◆ WHAT YOU ARE ASKED TO DO
Repeat all entries word for word; skip images.

BEGIN

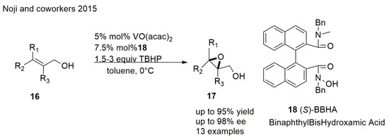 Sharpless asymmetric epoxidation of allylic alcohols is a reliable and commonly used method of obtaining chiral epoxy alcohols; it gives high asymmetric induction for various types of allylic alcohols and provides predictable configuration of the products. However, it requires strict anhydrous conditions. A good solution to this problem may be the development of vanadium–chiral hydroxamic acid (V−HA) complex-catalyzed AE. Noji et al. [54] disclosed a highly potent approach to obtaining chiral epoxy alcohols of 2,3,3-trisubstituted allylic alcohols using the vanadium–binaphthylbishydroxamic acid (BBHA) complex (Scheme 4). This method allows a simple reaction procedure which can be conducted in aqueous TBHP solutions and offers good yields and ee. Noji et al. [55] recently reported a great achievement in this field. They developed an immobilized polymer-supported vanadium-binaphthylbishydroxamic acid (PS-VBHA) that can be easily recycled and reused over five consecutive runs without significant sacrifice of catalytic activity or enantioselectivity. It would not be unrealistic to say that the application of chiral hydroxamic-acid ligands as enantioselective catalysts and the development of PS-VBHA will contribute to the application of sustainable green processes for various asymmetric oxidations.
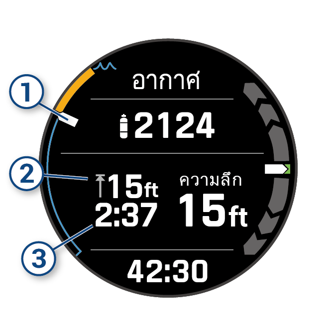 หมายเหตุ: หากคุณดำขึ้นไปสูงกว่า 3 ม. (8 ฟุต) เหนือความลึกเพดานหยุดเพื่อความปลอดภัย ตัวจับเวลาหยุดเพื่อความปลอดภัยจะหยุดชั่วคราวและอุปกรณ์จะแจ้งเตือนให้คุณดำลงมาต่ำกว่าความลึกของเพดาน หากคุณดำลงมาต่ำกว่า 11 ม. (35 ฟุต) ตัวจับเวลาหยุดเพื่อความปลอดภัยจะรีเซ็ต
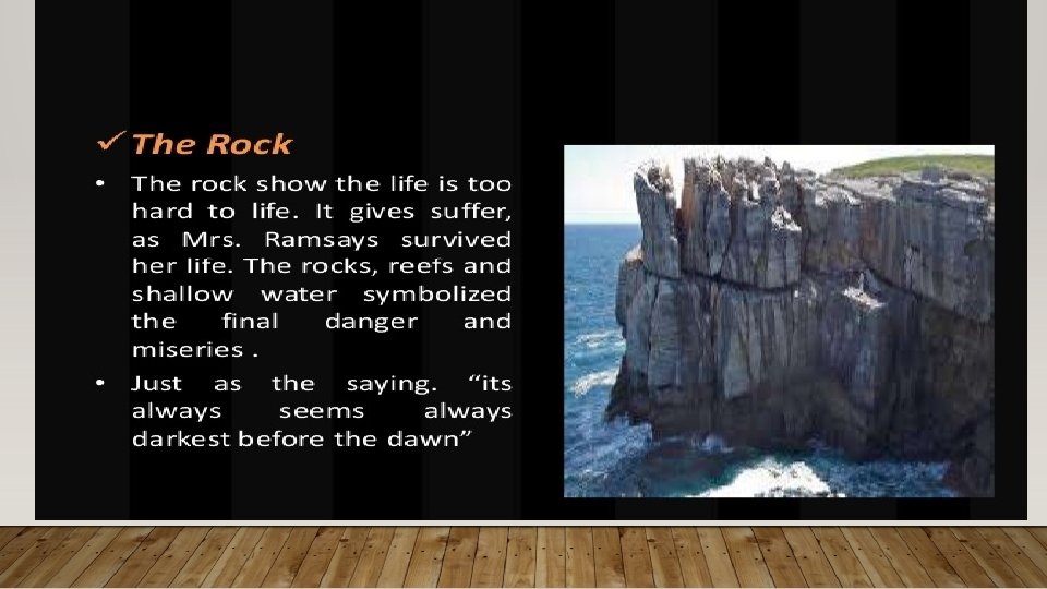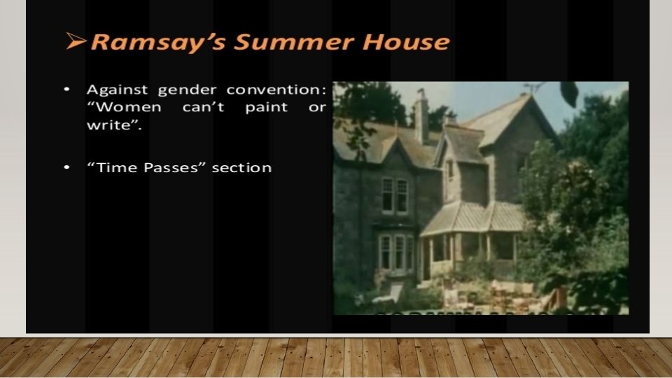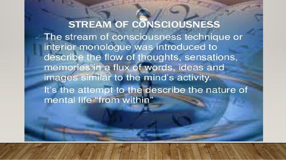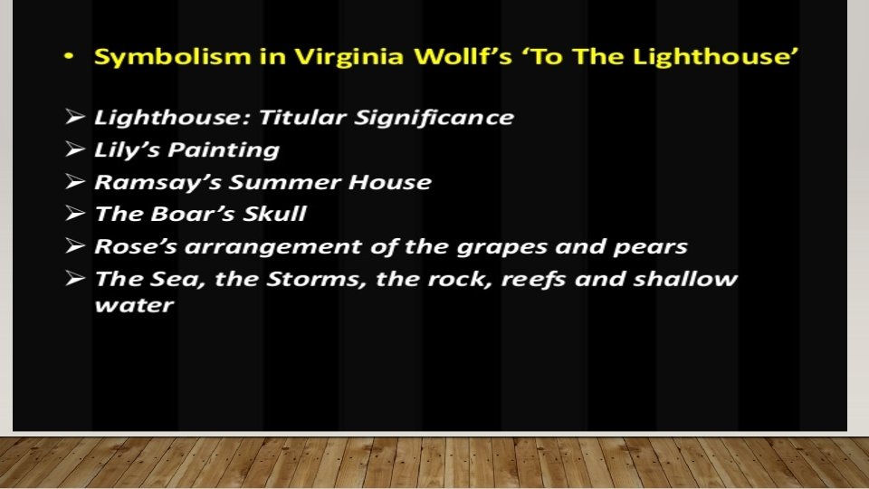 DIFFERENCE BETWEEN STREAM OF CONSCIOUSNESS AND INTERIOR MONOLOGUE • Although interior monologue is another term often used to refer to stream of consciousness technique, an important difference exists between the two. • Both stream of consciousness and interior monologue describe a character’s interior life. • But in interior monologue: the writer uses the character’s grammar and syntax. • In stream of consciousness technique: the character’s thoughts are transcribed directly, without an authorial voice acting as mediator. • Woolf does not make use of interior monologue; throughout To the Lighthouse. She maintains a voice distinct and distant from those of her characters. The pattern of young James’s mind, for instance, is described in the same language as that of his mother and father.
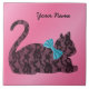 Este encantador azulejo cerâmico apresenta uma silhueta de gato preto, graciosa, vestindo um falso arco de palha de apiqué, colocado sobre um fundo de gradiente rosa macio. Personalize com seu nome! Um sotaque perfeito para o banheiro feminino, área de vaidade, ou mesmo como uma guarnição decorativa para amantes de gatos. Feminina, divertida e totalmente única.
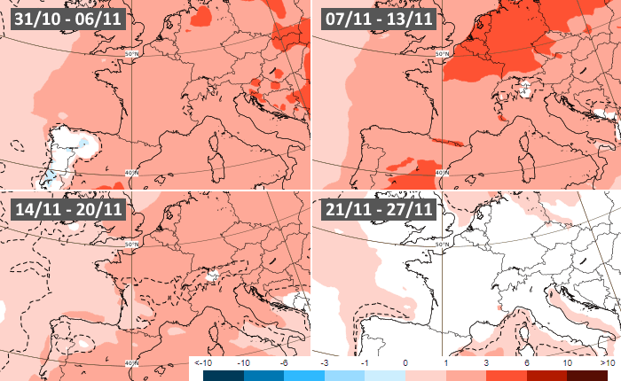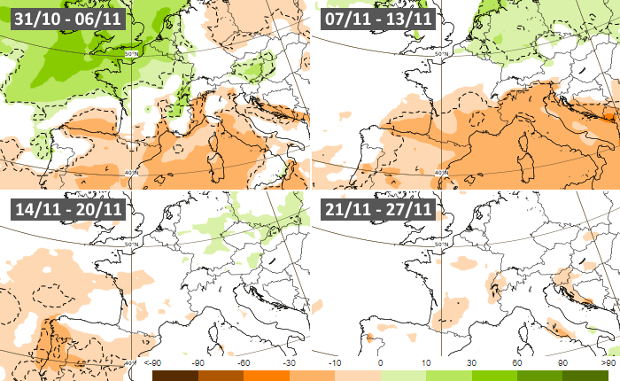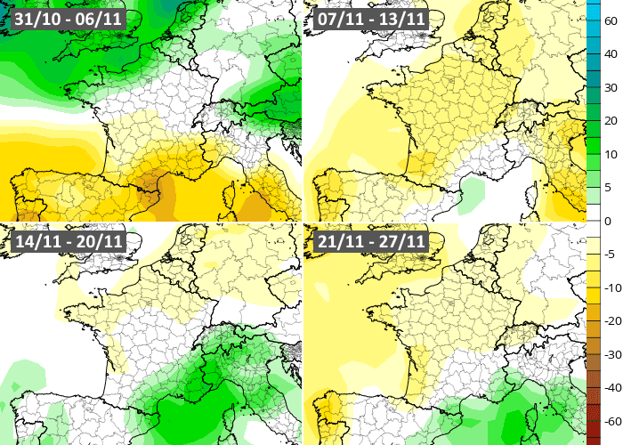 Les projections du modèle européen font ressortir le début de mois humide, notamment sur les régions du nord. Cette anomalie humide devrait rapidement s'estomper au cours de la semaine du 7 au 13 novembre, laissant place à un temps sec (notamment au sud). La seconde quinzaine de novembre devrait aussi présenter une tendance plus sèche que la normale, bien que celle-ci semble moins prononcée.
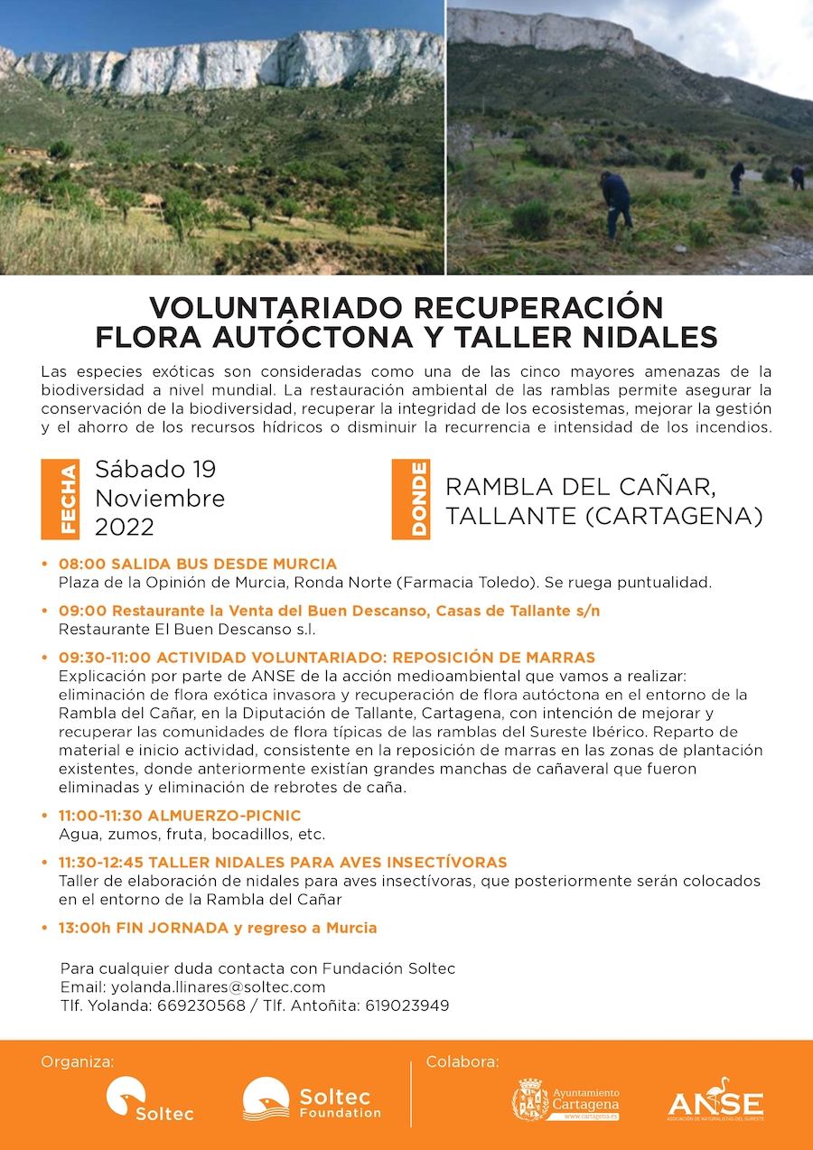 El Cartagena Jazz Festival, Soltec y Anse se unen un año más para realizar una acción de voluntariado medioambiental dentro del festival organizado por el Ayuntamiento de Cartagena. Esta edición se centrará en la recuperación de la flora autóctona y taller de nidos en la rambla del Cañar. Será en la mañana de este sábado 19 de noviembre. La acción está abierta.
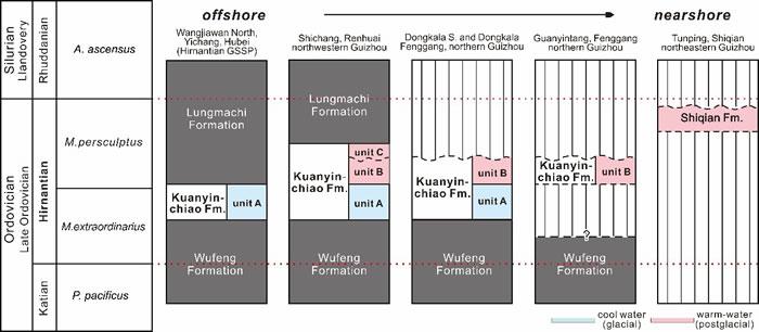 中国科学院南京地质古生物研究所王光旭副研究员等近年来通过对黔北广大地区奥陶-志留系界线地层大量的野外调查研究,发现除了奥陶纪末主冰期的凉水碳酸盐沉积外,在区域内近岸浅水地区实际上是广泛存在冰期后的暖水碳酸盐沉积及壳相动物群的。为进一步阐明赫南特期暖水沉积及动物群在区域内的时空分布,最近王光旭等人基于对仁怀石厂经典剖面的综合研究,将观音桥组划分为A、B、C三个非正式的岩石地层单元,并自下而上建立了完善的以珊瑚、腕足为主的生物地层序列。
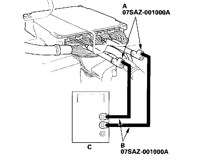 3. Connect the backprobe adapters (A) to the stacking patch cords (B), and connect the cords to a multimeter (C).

END

◆ OUTPUT
 Sharpless asymmetric epoxidation of allylic alcohols is a reliable and commonly used method of obtaining chiral epoxy alcohols; it gives high asymmetric induction for various types of allylic alcohols and provides predictable configuration of the products. However, it requires strict anhydrous conditions. A good solution to this problem may be the development of vanadium–chiral hydroxamic acid (V−HA) complex-catalyzed AE. Noji et al. [54] disclosed a highly potent approach to obtaining chiral epoxy alcohols of 2,3,3-trisubstituted allylic alcohols using the vanadium–binaphthylbishydroxamic acid (BBHA) complex (Scheme 4). This method allows a simple reaction procedure which can be conducted in aqueous TBHP solutions and offers good yields and ee. Noji et al. [55] recently reported a great achievement in this field. They developed an immobilized polymer-supported vanadium-binaphthylbishydroxamic acid (PS-VBHA) that can be easily recycled and reused over five consecutive runs without significant sacrifice of catalytic activity or enantioselectivity. It would not be unrealistic to say that the application of chiral hydroxamic-acid ligands as enantioselective catalysts and the development of PS-VBHA will contribute to the application of sustainable green processes for various asymmetric oxidations.
 หมายเหตุ: หากคุณดำขึ้นไปสูงกว่า 3 ม. (8 ฟุต) เหนือความลึกเพดานหยุดเพื่อความปลอดภัย ตัวจับเวลาหยุดเพื่อความปลอดภัยจะหยุดชั่วคราวและอุปกรณ์จะแจ้งเตือนให้คุณดำลงมาต่ำกว่าความลึกของเพดาน หากคุณดำลงมาต่ำกว่า 11 ม. (35 ฟุต) ตัวจับเวลาหยุดเพื่อความปลอดภัยจะรีเซ็ต
 DIFFERENCE BETWEEN STREAM OF CONSCIOUSNESS AND INTERIOR MONOLOGUE • Although interior monologue is another term often used to refer to stream of consciousness technique, an important difference exists between the two. • Both stream of consciousness and interior monologue describe a character’s interior life. • But in interior monologue: the writer uses the character’s grammar and syntax. • In stream of consciousness technique: the character’s thoughts are transcribed directly, without an authorial voice acting as mediator. • Woolf does not make use of interior monologue; throughout To the Lighthouse. She maintains a voice distinct and distant from those of her characters. The pattern of young James’s mind, for instance, is described in the same language as that of his mother and father.
 Este encantador azulejo cerâmico apresenta uma silhueta de gato preto, graciosa, vestindo um falso arco de palha de apiqué, colocado sobre um fundo de gradiente rosa macio. Personalize com seu nome! Um sotaque perfeito para o banheiro feminino, área de vaidade, ou mesmo como uma guarnição decorativa para amantes de gatos. Feminina, divertida e totalmente única.
 Les projections du modèle européen font ressortir le début de mois humide, notamment sur les régions du nord. Cette anomalie humide devrait rapidement s'estomper au cours de la semaine du 7 au 13 novembre, laissant place à un temps sec (notamment au sud). La seconde quinzaine de novembre devrait aussi présenter une tendance plus sèche que la normale, bien que celle-ci semble moins prononcée.
 El Cartagena Jazz Festival, Soltec y Anse se unen un año más para realizar una acción de voluntariado medioambiental dentro del festival organizado por el Ayuntamiento de Cartagena. Esta edición se centrará en la recuperación de la flora autóctona y taller de nidos en la rambla del Cañar. Será en la mañana de este sábado 19 de noviembre. La acción está abierta.
 中国科学院南京地质古生物研究所王光旭副研究员等近年来通过对黔北广大地区奥陶-志留系界线地层大量的野外调查研究,发现除了奥陶纪末主冰期的凉水碳酸盐沉积外,在区域内近岸浅水地区实际上是广泛存在冰期后的暖水碳酸盐沉积及壳相动物群的。为进一步阐明赫南特期暖水沉积及动物群在区域内的时空分布,最近王光旭等人基于对仁怀石厂经典剖面的综合研究,将观音桥组划分为A、B、C三个非正式的岩石地层单元,并自下而上建立了完善的以珊瑚、腕足为主的生物地层序列。
 3. Connect the backprobe adapters (A) to the stacking patch cords (B), and connect the cords to a multimeter (C).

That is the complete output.